COAST GUARD AUXILIARY REMINDS BOATERS ABOUT NEW RULES FOR EMERGENCY BEACONS

Boaters Must Not Operate 121.5/243 MHZ Emergency Position Indicating Radio Beacons (EPIRBs) after December 31, 2006

WASHINGTON - The Coast Guard Auxiliary is joining with the United States Coast Guard to remind all boaters that beginning January 1, 2007, both 121.5 and 243 MHz Emergency Position Indicating Radio Beacons (EPIRBs) are prohibited from use in both commercial and recreational watercraft. Boaters wishing to have an emergency rescue beacon aboard their vessel must have a digital 406 MHz model.

The January 1, 2007, date to stop using 121.5 MHz EPIRBs is in preparation for February 1, 2009, when satellite processing of distress signals from all 121.5/243 MHz beacons will terminate.
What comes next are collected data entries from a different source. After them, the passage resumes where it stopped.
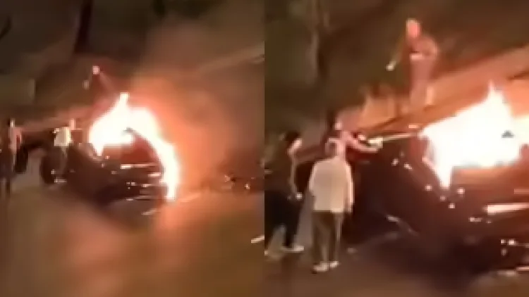 இதில் மின்சாரக் கார் திடீரெனத் தீப்பிடித்து எரிந்தது. அப்போது அங்கிருந்தவர்கள் மின்சாரக் காரை திறக்க எவ்வளவு முயன்றும் முடியாததால் அதில் சிக்கி கொண்ட ஓட்டுநர் உடல் கருகி பரிதாபமாக உயிரிழந்தார்.
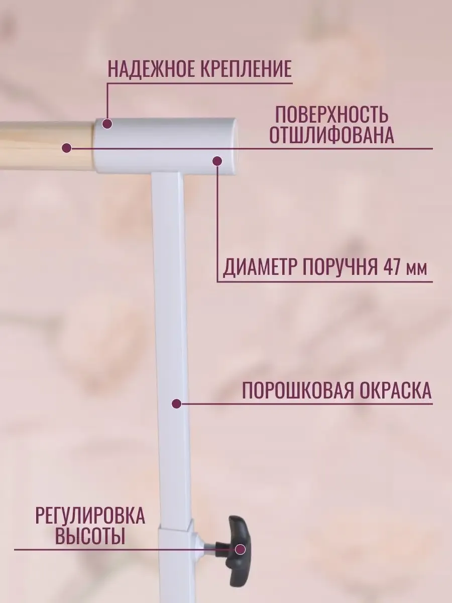 Устойчивая основа позволяет использовать изделие на любом полу, не повреждая покрытие. Круглые деревянные рейки покрыты прозрачным лаком и тщательно отшлифованы. После такой обработки поверхность остается абсолютно гладкой — без риска получить занозу. Стойки покрыты порошковой окраской белого цвета, что обеспечивает их стойкость. Высота поручня регулируется от 70 до 110 см, что позволяет заниматься как детям, так и взрослым с разным уровнем физической подготовки и ростовой группой.
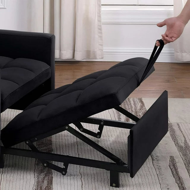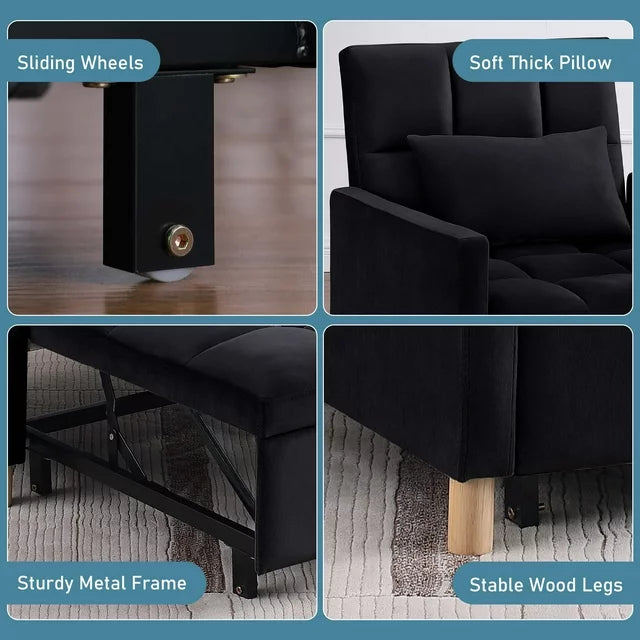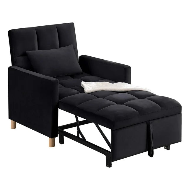 The DEALTOPS AK-FS02-016 Convertible Chair Bed gives a twist to convenience and comfort. This 3-in-1 Pull-out Sofa Chair is ideal for those looking to save space. There are 3 different angles to choose from for reclining, 105°, 143°and 180°, this futon chair can be a comfy plushy accent chair that transforms into a lounger chair with a sturdy back, which can transform into a sleeper bed. Padded with high-density sponge and covered with soft velvet fabric, the pull-out sleeper chair gives you comfortable sitting experience. The soft pillow provides adults with adequate lumbar and neck support. A sturdy metal frame ensures longer reliable usage and 330 lbs weight capacity. Great for offices, guest rooms, living rooms and small space.
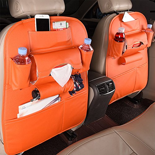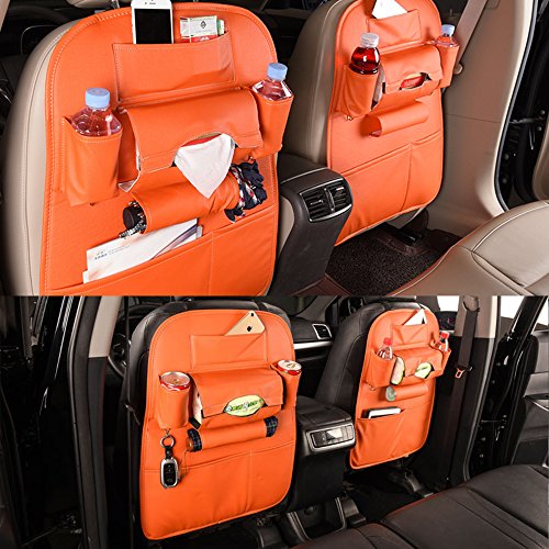 1個 多機能車両収納袋 novopal 後部座席 収納バッグ カー 折り畳式 車用 収納ポケット 多機能 車内整理 PU素材(オレンジ)
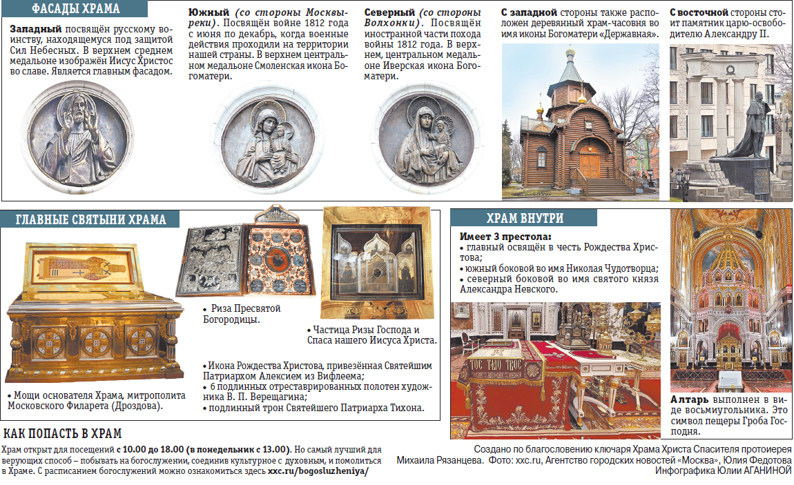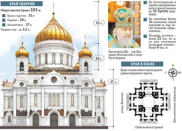 Храм Христа Спасителя – самый большой собор Русской Православной Церкви. Его история началась после войны 1812 года. Он был построен в благодарность за заступничество Всевышнего в критический период истории России и как памятник мужеству. Возведение исторического Храма заняло 44 года. Но в 1931 году он был взорван. Заново Храм был открыт в самые смутные времена для России – 31 декабря 1999 года, в канун 2000-летия Рождества Христова. Воссозданный Храм воспроизведён максимально близко к оригиналу. Во время проектных и строительных работ использовалась информация прошлого века, включая эскизы и чертежи. Именно в этом Храме проходят самые значимые церковно-государственные меропрятия: интронизация патриархов, молебны на национальные праздники и службы в память о выдающихся событиях,здесь проходят отпевания самых значимых россиян.
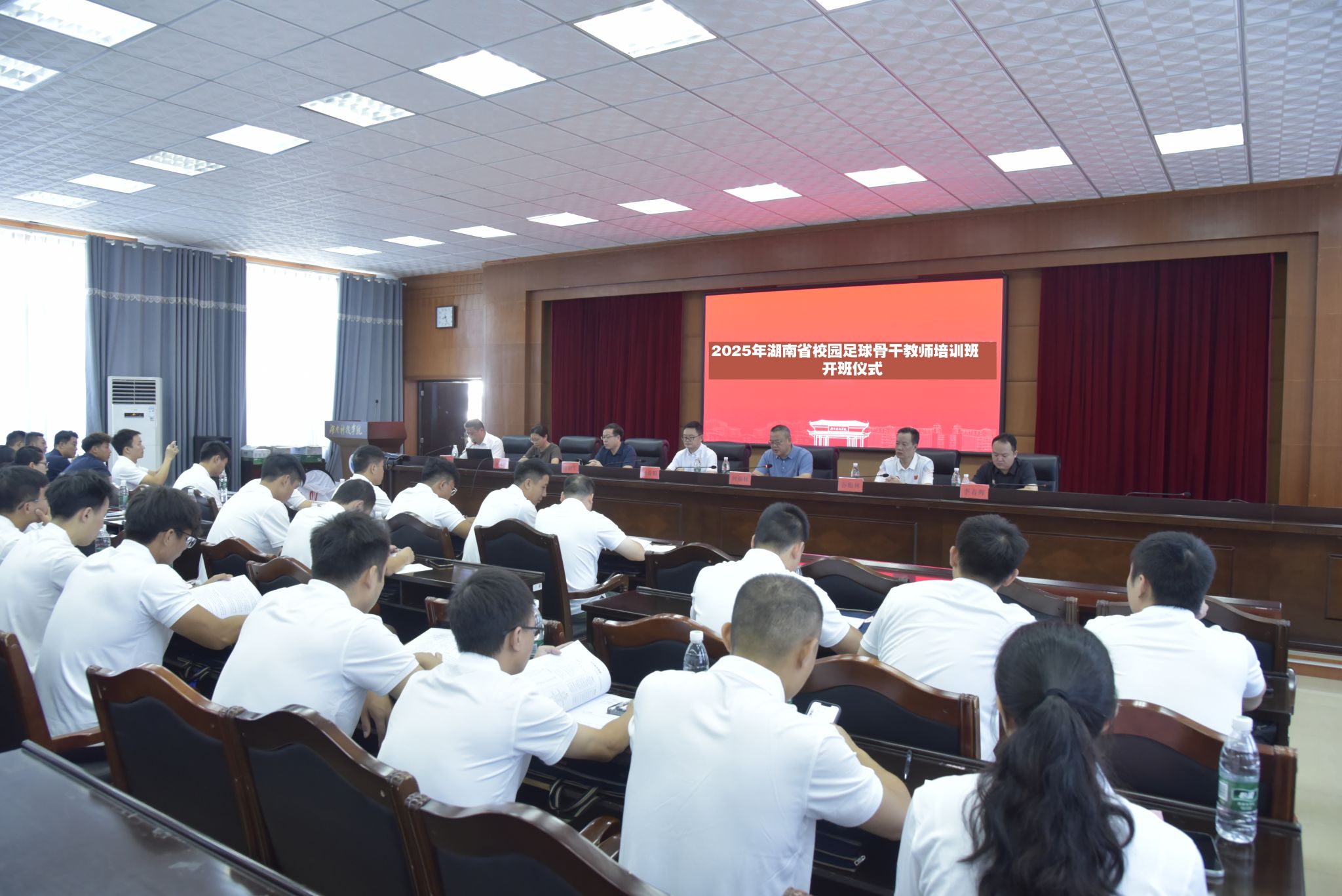 本网讯(通讯员 庄鸣)7月3日上午,由湖南省教育厅体育卫生与艺术教育处主办的2025年湖南省校园足球骨干教师培训班在vwin德赢开班。湖南省教育厅体育卫生与艺术教育处副处长鲁荷阳,校党委委员、副校长何福林,湖南省青少年校园足球工作领导小组办公室竞赛主管谷贻林,永州市教育局党组成员、副局长欧阳军出席仪式,来自永州市各县市区的45名中小学体育教师参加培训。
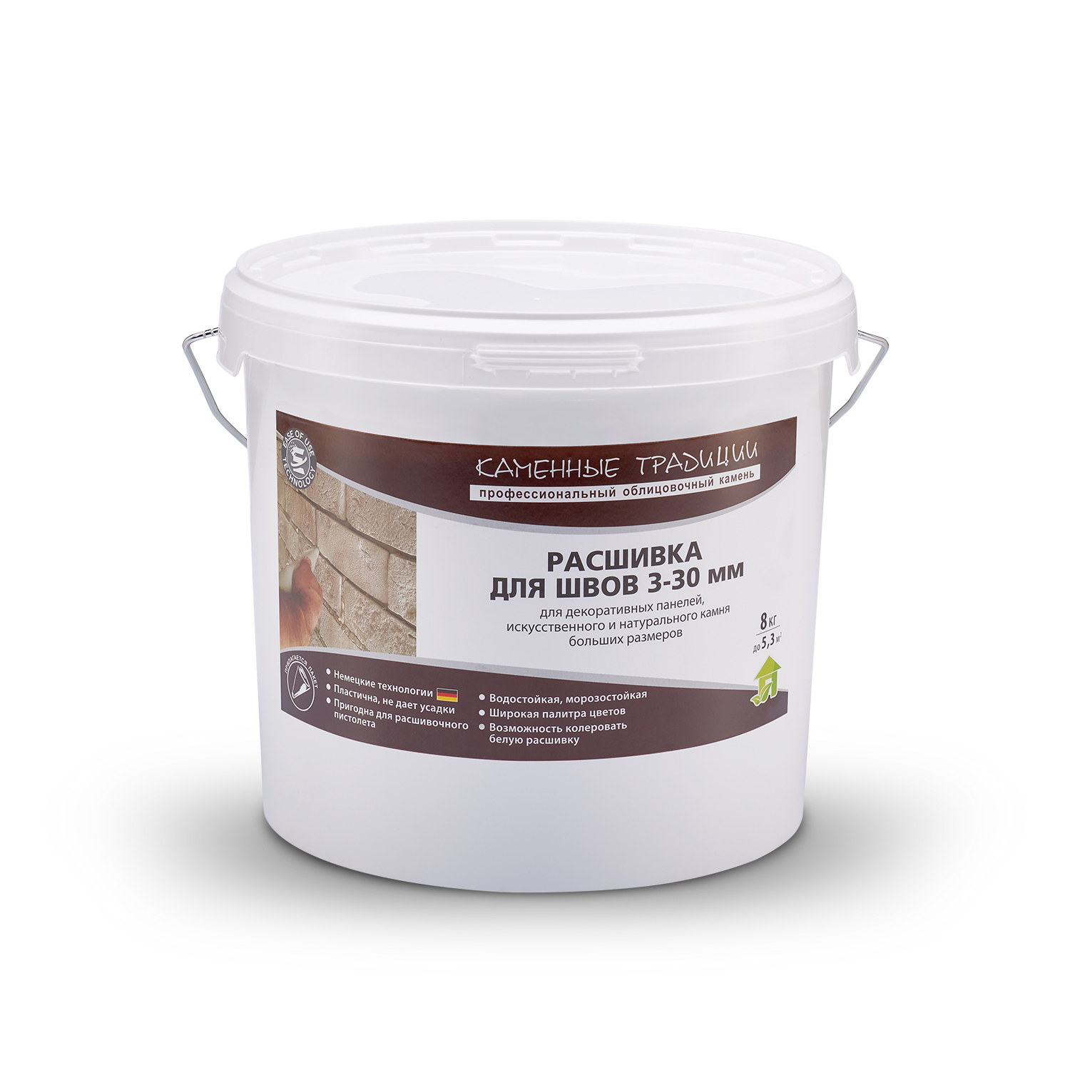 Выбирая цвета расшивки, учитывайте, что они существенно влияют на восприятие поверхности - белая подчеркнёт каждый отдельный кирпичик, а расшивка в тон камня сделает кладку более монолитной. Стандартные предлагаемые цвета расшивки - Белый, Платина, Графит, Ваниль, Зелёный Чай, Мята, Слоновая Кость, Какао, Терракот, Шоколад. В комплект с расшивкой входят пакеты для нанесения.

Following this termination date, only the 406 MHz beacons will be detected by the International Cospas-Sarsat Satellite System which provides distress alert and location data for search and rescue operations around the world.

The regulation applies to all Class A, B, and S 121.5/243 MHz EPIRBs. It does not affect 121.5/243 MHz man overboard devices which are designed to work directly with a base alerting unit only and not with the satellite system.

This change, in large part, was brought about by the unreliability of the 121.5/243 MHz beacons in an emergency situation. Data reveals that with a 121.5 MHz beacon, only one alert out of every 50 is a genuine distress situation. This has a significant effect on expending the limited resources of search and rescue personnel and platforms. With 406 MHz beacons, false alerts have been reduced significantly, and, when properly registered, can usually be resolved with a telephone call to the beacon owner. Consequently, real alerts can receive the attention they deserve.

When a 406 MHz beacon signal is received, search and rescue personnel can retrieve information from a registration database. This includes the beacon owner's contact information, emergency contact information, and vessel/aircraft identifying characteristics. Having this information allows the Coast Guard and Coast Guard Auxiliary, or other rescue personnel, to respond appropriately.

In the U.S., users are required by law to directly register their beacon in the U.S. 406 MHz Beacon Registration Database by calling 1-888-212-SAVE. Other users can register their beacon in their country's national beacon registration database or, if no national database is available, in the International Beacon Registration Database at https://www.406registration.com.

The United States Coast Guard is the lead agency for coordinating national maritime search and rescue policy and is responsible for providing search and rescue services on, under and over assigned international waters and waters subject to United States jurisdiction.

The United States Coast Guard Auxiliary is composed of uniformed, non-military volunteer's who assist the Coast Guard in all of its varied missions, except for military and direct law enforcement. These men and women can be found on the nation's waterways, in the air, in classrooms and on the dock, performing Maritime Domain Awareness patrols, safety patrols, vessel safety checks and public education.

The United States Coast Guard Auxiliary was founded in 1939 by an Act of Congress as the U.S. Coast Guard Reserve and re-designated as the Auxiliary in 1941. Its 30,000 members donate millions of hours annually in support of Coast Guard missions.